So on the common preallocate-75% path, the state right after the first Extend() is: one Region containing one huge free Chunk that covers all of it, sitting in the largest Bin 20. Every later allocation is “cut” out of this big Chunk.

3. SplitChunk: cut a big Chunk into two

When FindChunkPtr finds a free Chunk that’s noticeably bigger than the request, it doesn’t hand over the whole thing. It calls SplitChunk() to carve out the requested size, and the leftover becomes a new free Chunk.

void BFCAllocator::SplitChunk(BFCAllocator::ChunkHandle h, size_t num_bytes) {
  ChunkHandle h_new_chunk = AllocateChunk();
  Chunk* c = ChunkFromHandle(h);
  CHECK(!c->in_use() && (c->bin_num == kInvalidBinNum));

  // New chunk starts at c->ptr + num_bytes
  BFCAllocator::Chunk* new_chunk = ChunkFromHandle(h_new_chunk);
  new_chunk->ptr = static_cast<void*>(static_cast<char*>(c->ptr) + num_bytes);
  region_manager_.set_handle(new_chunk->ptr, h_new_chunk);

  new_chunk->size = c->size - num_bytes;  // the leftover
  c->size = num_bytes;                     // shrink the front half to the request size
  new_chunk->allocation_id = -1;

  // Maintain the physical-neighbor list: c <-> neighbor becomes c <-> new_chunk <-> neighbor
  BFCAllocator::ChunkHandle h_neighbor = c->next;
  new_chunk->prev = h;
  new_chunk->next = h_neighbor;
  c->next = h_new_chunk;
  if (h_neighbor != kInvalidChunkHandle) {
    Chunk* c_neighbor = ChunkFromHandle(h_neighbor);
    c_neighbor->prev = h_new_chunk;
  }

  InsertFreeChunkIntoBin(h_new_chunk);  // leftover goes back into a Bin as a new free Chunk
}

Two things to note: first, splitting only changes size and the prev/next pointers — no real memory is moved; second, the leftover is immediately reinserted into a Bin as an independent free Chunk, ready to be reused by later allocations.

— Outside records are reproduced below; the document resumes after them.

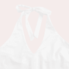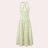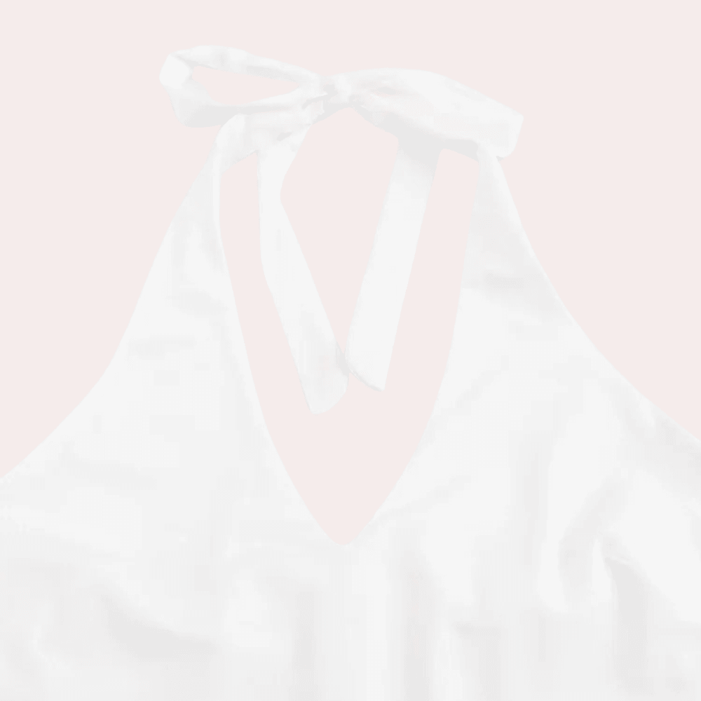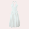 Deze elegante midi jurk met diepe V-hals en open rug is perfect voor speciale gelegenheden. Het halternekdesign en de geplisseerde A-lijn zorgen voor een flatterende pasvorm die comfort biedt op warme dagen.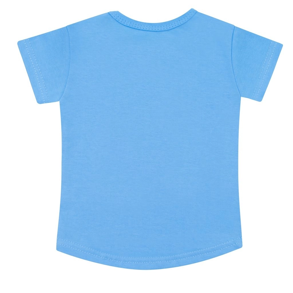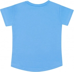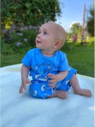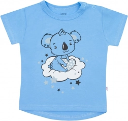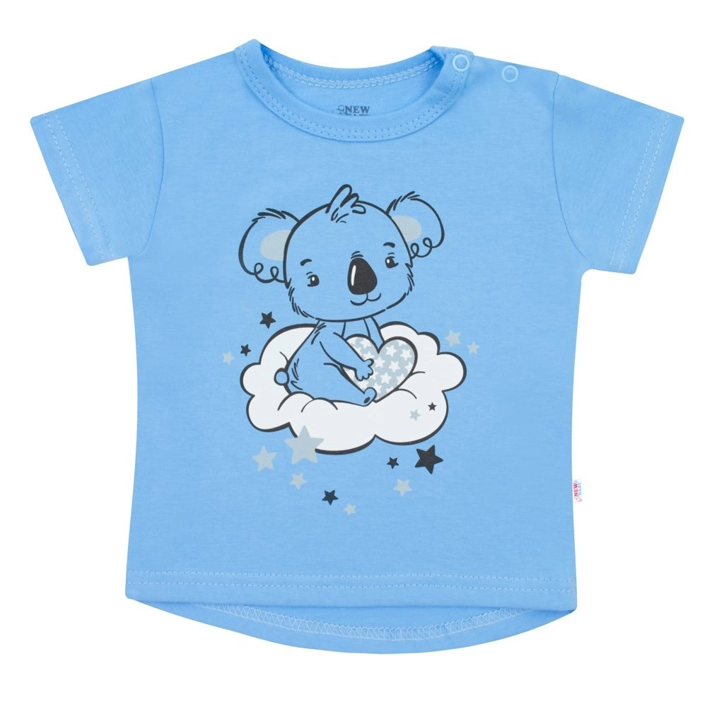 Schattige kinderzomerpyjama New Baby Dream in blauwe kleur van aangename 100% katoen. De set bestaat uit een T‑shirt met korte mouwen en een short. Het T‑shirt is versierd met een lief beertje op een wolkje en sterretjes, en heeft praktische drukknoopjes op de schouder voor gemakkelijk aankleden. De short heeft een all‑over print met beertjes en een bredere elastische tailleband die comfortabel is en niet op het buikje drukt. Ideaal als zomerpyjama en als comfortabele thuisoutfit voor je baby.
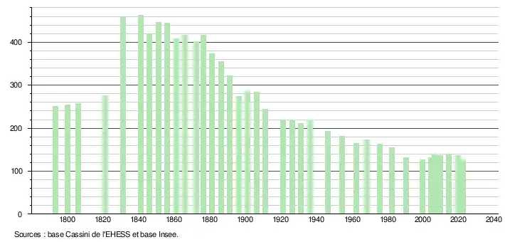 L'évolution du nombre d'habitants est connue à travers les recensements de la population effectués dans la commune depuis 1793. Pour les communes de moins de 10 000 habitants, une enquête de recensement portant sur toute la population est réalisée tous les cinq ans, les populations de référence des années intermédiaires étant quant à elles estimées par interpolation ou extrapolation[20]. Pour la commune, le premier recensement exhaustif entrant dans le cadre du nouveau dispositif a été réalisé en 2004[21].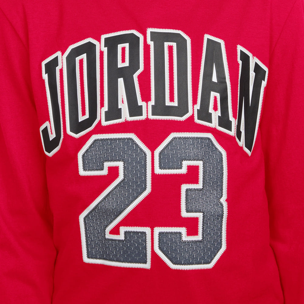 Que votre enfant aille à l’entraînement, en classe ou retrouver des amis, ce t-shirt inspiré d’un maillot de sport signé Jordan fera parfaitement l’affaire. Confectionné en jersey doux coton/polyester, il est doté d’un col ras-du-cou sans étiquette pour un confort optimal, et les manches longues avec poignets côtelés ajoutent une chaleur légère et agréable.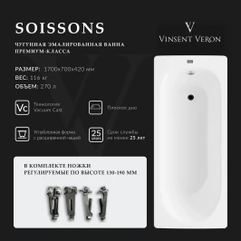 Ванна чугунная Vinsent Veron Soissons VCN1707042 170x70 см, белый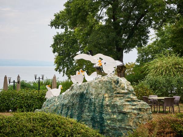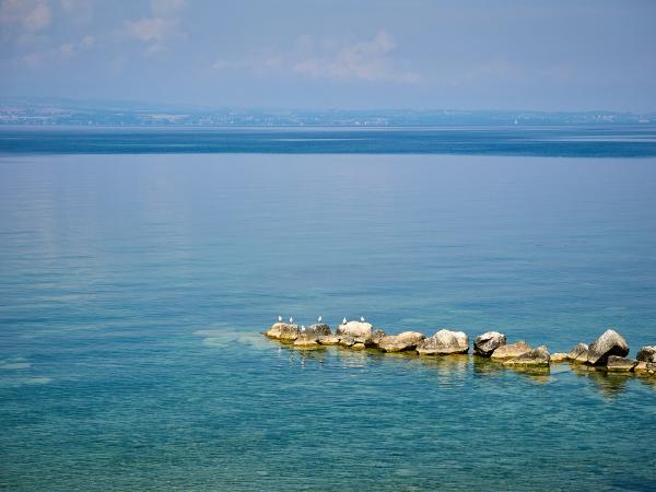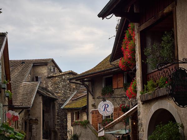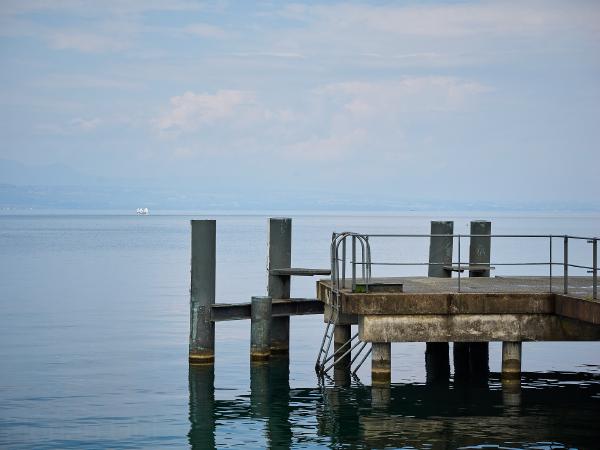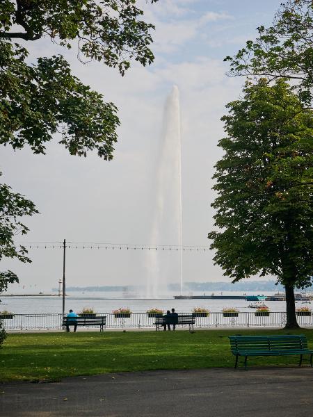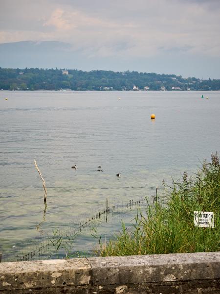 Tag Nummer Einhundertundeinundzwanzig von Genf nach Évian-les-Bains. Wir starten bei bedecktem Himmel in der Hoffnung dem Regen noch ein bisschen entgehen zu können. Heute geht es noch mal zurück nach Frankreich. Da das Wetter von Nordwesten her schlecht werden soll fahren wir - schlau wie wir sind - an der Südostseite des Sees weiter. Erst drehen wir aber noch eine kleine Runde durch Genf selbst. Die Stadt haben wir zwar schon ein bisschen besucht gehabt, aber es die Perspektive vom Rad aus ist dann doch noch mal was anderes. Auch ist unser letzter Besuch schon ein paar (erschreckend viele) Jahre her. Danach fahren wir erst am Ufer entlang und dann, da der Radweg in die Hügel hinter dem See und Weg von der Uferstraße (glücklicherweise) führt, im Hinterland des Sees durch die Gegend. Und auch ein bisschen durch den Regen, der sich nicht an die Vereinbarung halten wollte und auch den Südosten des Sees heimsuchte. Zwischendurch kommen wir auch immer wieder an den See, was auch fein ist. Die Abwechslung macht’s. So sahen wir zum Beispiel auch Yvoire. Das wurde auch kurz zuvor von einem Schaufelraddampfer angesteuert, der eine Hundertschaft silbriger Leute ausgespuckt hatte. Eine kleine Runde durch den Ort gehörte trotzdem dazu. War auch weitläufig genug, dass man sich nicht gegenseitig auf den Füßen stand. Danach ging es weiter bis nach Évian, wo wir an vielen Baustellen vorbei mussten, da sie hier offensichtlich viel herzurichten hatten, war eine erstaunlich lange und verwinkelte einfahrt. Dann wurden wir noch mal von der Rezeption unseres Unterschlupfes auf maximal komplizierte Art herumgeschickt, was aber immerhin dazu führte, dass wir an ein paar der Quellen des Ortes vorbei kamen.

So when does it split? The logic is in FindChunkPtr — only when the leftover is large enough (by default, the chunk is at least 2x the request, or the leftover exceeds 128MB). Otherwise it just hands over the whole chunk and counts the extra as internal fragmentation:

const int64_t max_internal_fragmentation_bytes =
    (opts_.fragmentation_fraction > 0.0)
        ? opts_.fragmentation_fraction * memory_limit_
        : 128 << 20;  // 128MB by default

if (chunk->size >= rounded_bytes * 2 ||
    static_cast<int64_t>(chunk->size) - rounded_bytes >=
        max_internal_fragmentation_bytes) {
  SplitChunk(h, rounded_bytes);
}

4. Merge: coalesce adjacent free Chunks

Merge() is the inverse of Split, and the source of the “Coalescing” in the name. It merges two physically adjacent free Chunks into one:

void BFCAllocator::Merge(BFCAllocator::ChunkHandle h1,
                         BFCAllocator::ChunkHandle h2) {
  Chunk* c1 = ChunkFromHandle(h1);
  Chunk* c2 = ChunkFromHandle(h2);
  CHECK(!c1->in_use() && !c2->in_use());  // both must be free

  // Fix the neighbor list: c1 <-> c2 <-> c3 becomes c1 <-> c3
  BFCAllocator::ChunkHandle h3 = c2->next;
  c1->next = h3;
  if (h3 != kInvalidChunkHandle) {
    ChunkFromHandle(h3)->prev = h1;
  }

  c1->size += c2->size;  // c1 absorbs c2's size
  DeleteChunk(h2);       // c2's metadata is reclaimed
}

But Merge() doesn’t decide “is there a neighbor, can we merge it” itself — that decision is in TryToCoalesce(), which follows prev/next to check the physical neighbors on each side, and if a neighbor is free, pulls it out of its Bin first and then merges:

BFCAllocator::ChunkHandle BFCAllocator::TryToCoalesce(ChunkHandle h, ...) {
  Chunk* c = ChunkFromHandle(h);
  ChunkHandle coalesced_chunk = h;

  // next neighbor is free -> merge it in
  if (c->next != kInvalidChunkHandle && !ChunkFromHandle(c->next)->in_use()) {
    RemoveFreeChunkFromBin(c->next);
    Merge(h, c->next);
  }
  // prev neighbor is free -> merge self into it
  if (c->prev != kInvalidChunkHandle && !ChunkFromHandle(c->prev)->in_use()) {
    coalesced_chunk = c->prev;
    RemoveFreeChunkFromBin(c->prev);
    Merge(c->prev, h);
  }
  return coalesced_chunk;
}

Note that the merge decision is based on physical adjacency (prev/next), not “are they in the same Bin.” Two free Chunks in different Bins with completely different sizes can still merge into one bigger Chunk (and get reinserted into a Bin) as long as they sit next to each other in address space.

Conclusion

By now the way JAX allocates memory should be pretty clear. Let’s answer the two questions we started with.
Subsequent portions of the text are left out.